Urban flooding and the resulting road water accumulation have become a significant threat to public transportation safety and the stability of municipal infrastructure. Traditional monitoring networks based on physical water level sensors suffer from low deployment density, high maintenance costs, and lagging response times. To address these shortcomings of traditional water accumulation monitoring systems, this study proposes an edge-computing intelligent monitoring system based on collaborative inference between the edge end (You Only Look Once version 5, YOLOv5) and the server end (Transform Vision Detection, TrVDet). A dual-modal perception architecture of “edge-end triggering and server-end precise analysis” has been constructed.
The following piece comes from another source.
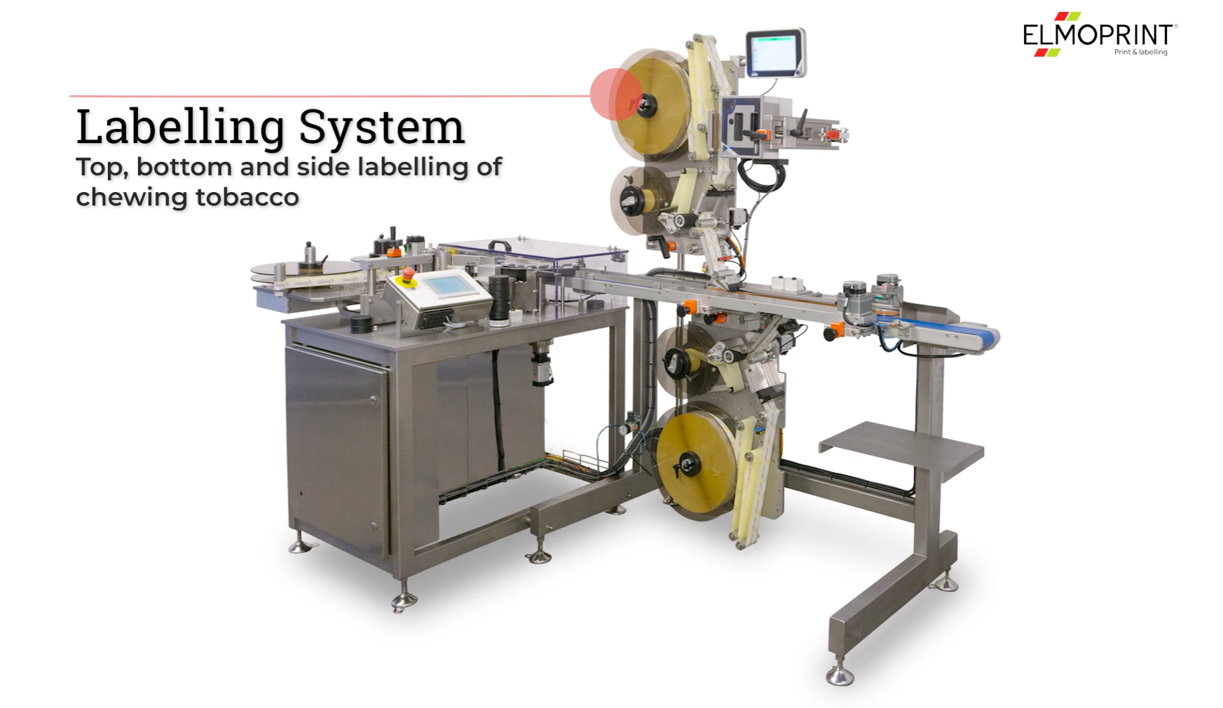 The equipment had to label small round snus cans on the top, bottom and around the sides of each can.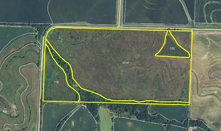 77 acres, m/l, with 71.01 terraced crop acres and CSR of 61.4.

At the edge end, the YOLOv5 model is deployed on embedded devices to achieve efficient preliminary screening of water accumulation, reducing dependence on the central server, lowering latency, and enhancing real-time response capabilities. On the server end, multi-object segmentation is performed on the detected water accumulation images, including roads, cars, motorcycles, and bicycles. Finally, a series of logical judgments is applied to determine the water accumulation level based on reference objects within the water. Since there is no publicly available dataset for target object recognition in flooded areas, we employed professional annotators to perform pixel-level labeling on the collected and organized flood data and constructed a multi-class target flood dataset (City Flood Segmentation, CityFloodSeg). Given the scarcity of moderate and severe water accumulation samples, we optimized the instance segmentation model TrVDet under the (A Visual Representation for Neon Genesis, EVA-02) framework and applied five data augmentation methods, including Mosaic and Flip, to expand the diversity of the dataset. Moreover, based on domain expert standards, we designed a logical judgment rule algorithm for model inference of water accumulation levels to classify the levels of water accumulation. Experimental results show that the server-end processing delay is stable within 0.4 s, capable of accurately judging different water accumulation risk levels. This provides centimeter-level real-time situational awareness for urban flood control decision-making and promotes the development of intelligent municipal infrastructure towards higher reliability and universality.
边缘计算与基于服务器的高精度洪水水位分类系统
城市洪涝及其导致的道路积水已成为公共交通安全和市政基础设施稳定的重大威胁。传统的基于物理水位传感器的监测网络存在部署密度低、维护成本高、响应时间滞后等问题。为了解决传统积水监测系统的这些缺点,本研究提出了一种基于边缘端(You Only Look Once version 5, YOLOv5)和服务器端(Transform Vision Detection, TrVDet)之间协同推理的边缘计算智能监测系统。构建了“端端触发、端端精确分析”的双模态感知体系结构。在边缘端,将YOLOv5模型部署在嵌入式设备上,实现对积水的高效初步筛选,减少对中心服务器的依赖,降低时延,增强实时响应能力。服务器端对检测到的积水图像进行多目标分割,包括道路、汽车、摩托车、自行车等。最后,通过一系列的逻辑判断,根据水中的参照物确定蓄水量。由于洪涝地区没有公开的目标物识别数据集,我们利用专业的标注员对收集和整理的洪水数据进行像素级标注,构建了一个多类目标洪水数据集(City flood Segmentation, CityFloodSeg)。针对中重度积水样本的稀缺性,在EVA-02框架下对实例分割模型TrVDet进行了优化,并应用了马赛克和Flip等5种数据增强方法,扩大了数据集的多样性。此外,基于领域专家标准,设计了积水水位模型推理逻辑判断规则算法,对积水水位进行分类。实验结果表明,服务器端处理延迟稳定在0.4 s以内,能够准确判断不同的积水风险等级。为城市防洪决策提供厘米级实时态势感知,推动城市基础设施智能化向更高可靠性和通用性发展。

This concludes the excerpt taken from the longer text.